High-CTR: Senior Infrastructure Engineer Careers at Crusoe - San Francisco, California | Apply Now!

full-timePosted: Nov 2, 2025

Job Description

Senior Infrastructure Engineer at Crusoe - San Francisco, California

Crusoe's mission is to accelerate the abundance of energy and intelligence. We’re crafting the engine that powers a world where people can create ambitiously with AI — without sacrificing scale, speed, or sustainability.
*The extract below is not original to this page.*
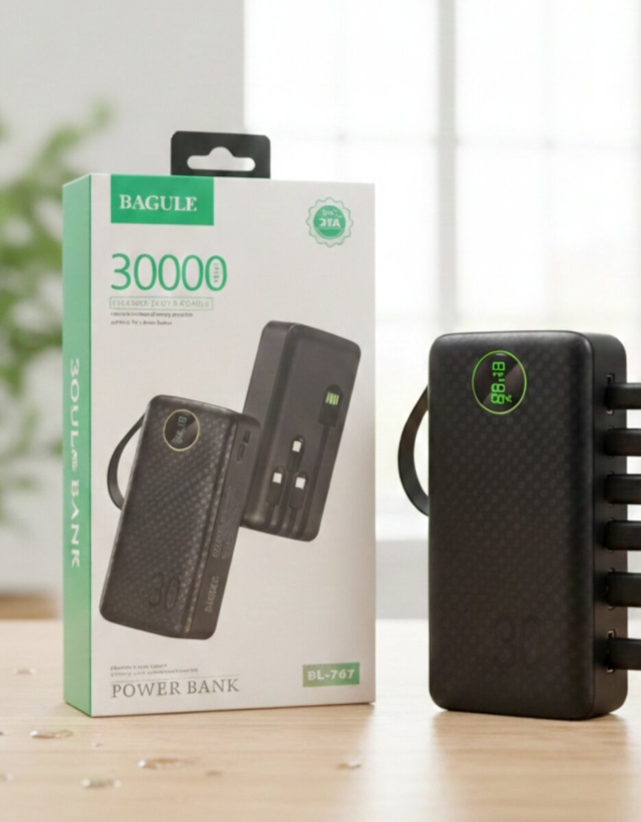 Chargeur portable BAGULE 30000mAh, parfait pour les longues journées. Compact et puissant, il vous permet de recharger vos appareils en déplacement. Idéal pour les voyageurs et les professionnels.

Be a part of the AI revolution with sustainable technology at Crusoe. Here, you'll drive meaningful innovation, make a tangible impact, and join a team that’s setting the pace for responsible, transformative cloud infrastructure.

Role Overview

We are seeking a highly skilled and motivated Senior Infrastructure Engineer to join Crusoe’s Fleet Operations team. This role is focused on the advanced diagnosis, maintenance, and repair of high-performance GPU compute clusters, ensuring maximum uptime, reliability, and performance across our fleet.

The ideal candidate will be hands-on with GPU rack-level troubleshooting and work closely with data center operations, engineering, and vendors to support cutting-edge infrastructure featuring the latest NVIDIA and AMD GPUs. This position plays a critical role in maintaining the health and scalability of Crusoe’s rapidly growing GPU fleet.

A Day in the Life

As a Senior Infrastructure Engineer, your day will be dynamic and challenging. You'll start by reviewing the overnight performance reports of Crusoe's GPU fleet, identifying any potential issues or areas of concern. You'll then dive into troubleshooting specific hardware faults within GPU racks and high-density compute systems, utilizing your deep understanding of GPU architectures to pinpoint the root cause of problems.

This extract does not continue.